Multi-epitope vaccines have been tried for various conditions including cancer (Wang et al. 2011), hepatitis B virus (Depla et al. 2008), and H5N1 (Adar et al. 2009). This approach has been advocated for HIV/AIDS, as an epitope-based vaccine could address the issue of viral genetic diversity and elicit immune response against HIV (Xiao et al. 2001). Jin et al. (2009) tested a multi-epitope vaccine against HIV in a phase I clinical trial in HIV-uninfected adults and demonstrated CD4+ T cell response with a diverse polyfunctional cytokine profile. Identifying the best combination of epitopes is a prerequisite for the design and development of an effective vaccine against HIV.

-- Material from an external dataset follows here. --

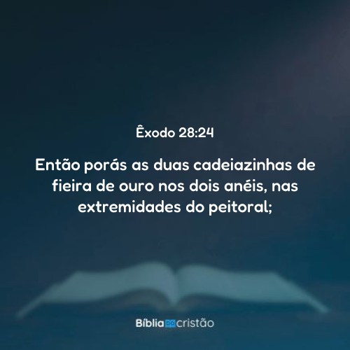 Então porás as duas cadeiazinhas de fieira de ouro nos dois anéis, nas extremidades do peitoral;

A tremendous amount of effort and time have been invested on identifying immunogenic peptides of HIV that can help in the design of a much needed vaccine for this disease. Cytotoxic T lymphocyte (CTL) responses targeting the virus have been well demonstrated in the control of HIV by several investigators (Borrow et al. 1994; Musey et al. 1997; Altfeld et al. 2006). There are over thousand HIV peptides have been demonstrated to elicit CTL responses in in vitro studies (HIV Molecular Immunology Database available from http://www.hiv.lanl.gov/content/immunology/). We undertook an effort to prioritize these epitopes in order to identify the best candidates that can go into the design of an effective multi-epitope vaccine for HIV.

Host genetic components influence disease outcome in many of the infectious diseases including HIV/AIDS (Blackwell et al. 2009). Several HLA alleles have been reported to be associated with resistance or slow progression to HIV/AIDS including HLA-A02 (MacDonald et al. 2000; Singh et al. 2008), HLA-A11 (Selvaraj et al. 2006), HLA-B27 (Kaslow et al. 1996; McNeil et al. 1996; Singh et al. 2008; Neumann-Haefelin 2011), particularly HLA-B*2705 (International HIV Controllers Study 2010), HLA-B51 (Kaslow et al. 1996; Tomiyama et al. 1999; Zhang et al. 2011), and HLA-B*5701 (Kaslow et al. 1996; Migueles et al. 2000). On the other hand, other HLA alleles including HLA-A24 (Singh et al. 2008), HLA-B7 (International HIV Controllers Study 2010), HLA-B35 and HLA-B53 (Kaslow et al. 2005), and HLA-B40 (Selvaraj et al. 2006) are believed to be associated with susceptibility or rapid progression to HIV/AIDS. The differential influence of HLA on the outcome of disease can be exploited for the rational design of a HIV vaccine. Roshorm et al. (2009) have previously demonstrated the efficacy of a HLA-B*5101 restricted multi-epitope vaccine in inducing CD8+ T cell responses in BALB/c mice. Further, the stability of the peptide–HLA complex has been reported to enhance immunogenicity (van der Burg et al. 1996; Kirksey et al. 1999; Borbulevych et al. 2005). Molecular modeling could be effectively used to model epitopes on to the binding sites of HLAs for prioritizing them based on the binding affinity. Thus, based on the fact that epitopes that bind specifically to resistance-associated HLA alleles would potentiate a protective immune response against HIV, we performed molecular modeling of known epitopes on HLA alleles associated with resistance/slow progression to HIV/AIDS in order to prioritize them.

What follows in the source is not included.